• _Task statement_: Taking the line with "在加工环节,当地没有简单走集" as the first and the line with "There is something" as the last, set down the lines below exactly, pictures excluded.
------ Dataset content ------
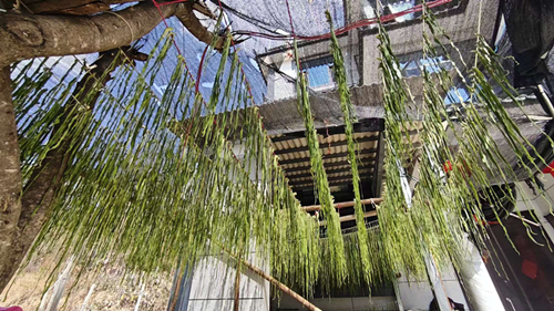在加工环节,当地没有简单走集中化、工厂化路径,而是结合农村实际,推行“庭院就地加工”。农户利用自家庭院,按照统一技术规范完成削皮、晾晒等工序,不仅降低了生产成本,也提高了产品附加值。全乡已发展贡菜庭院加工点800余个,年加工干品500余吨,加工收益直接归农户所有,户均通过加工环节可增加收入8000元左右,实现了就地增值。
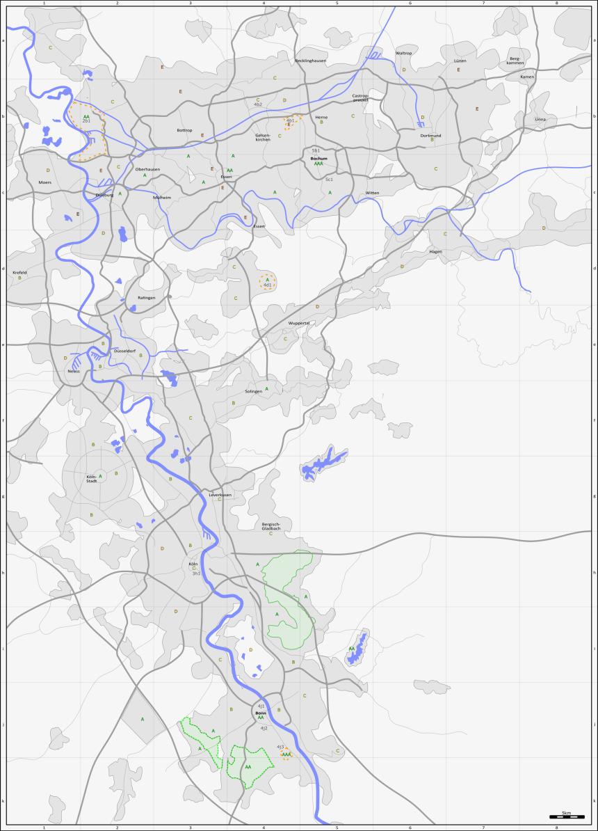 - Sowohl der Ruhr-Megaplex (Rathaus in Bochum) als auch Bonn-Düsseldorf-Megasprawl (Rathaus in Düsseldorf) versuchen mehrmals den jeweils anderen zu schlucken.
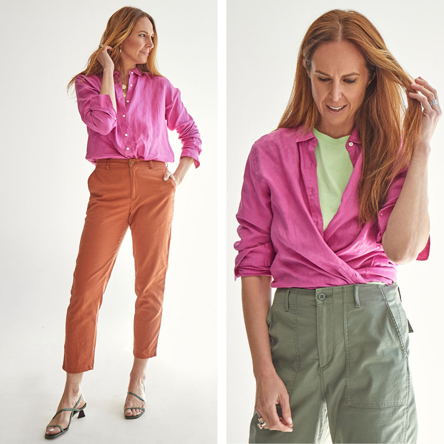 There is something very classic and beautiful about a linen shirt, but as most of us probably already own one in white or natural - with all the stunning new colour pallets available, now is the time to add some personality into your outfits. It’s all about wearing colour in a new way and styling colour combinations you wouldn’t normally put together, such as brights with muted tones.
------
------ Dataset content ------
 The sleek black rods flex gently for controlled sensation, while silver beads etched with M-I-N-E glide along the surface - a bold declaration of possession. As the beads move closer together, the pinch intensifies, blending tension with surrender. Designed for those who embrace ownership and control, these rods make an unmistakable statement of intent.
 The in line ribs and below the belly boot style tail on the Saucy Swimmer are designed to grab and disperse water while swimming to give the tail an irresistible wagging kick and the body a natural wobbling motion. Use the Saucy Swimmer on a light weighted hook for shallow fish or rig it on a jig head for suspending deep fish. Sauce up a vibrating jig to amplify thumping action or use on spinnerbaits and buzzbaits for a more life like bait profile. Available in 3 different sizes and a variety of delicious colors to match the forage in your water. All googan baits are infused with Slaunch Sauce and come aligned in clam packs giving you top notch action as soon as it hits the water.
------
• _Solution for this exercise_:
在加工环节,当地没有简单走集中化、工厂化路径,而是结合农村实际,推行“庭院就地加工”。农户利用自家庭院,按照统一技术规范完成削皮、晾晒等工序,不仅降低了生产成本,也提高了产品附加值。全乡已发展贡菜庭院加工点800余个,年加工干品500余吨,加工收益直接归农户所有,户均通过加工环节可增加收入8000元左右,实现了就地增值。
 - Sowohl der Ruhr-Megaplex (Rathaus in Bochum) als auch Bonn-Düsseldorf-Megasprawl (Rathaus in Düsseldorf) versuchen mehrmals den jeweils anderen zu schlucken.
 There is something very classic and beautiful about a linen shirt, but as most of us probably already own one in white or natural - with all the stunning new colour pallets available, now is the time to add some personality into your outfits. It’s all about wearing colour in a new way and styling colour combinations you wouldn’t normally put together, such as brights with muted tones.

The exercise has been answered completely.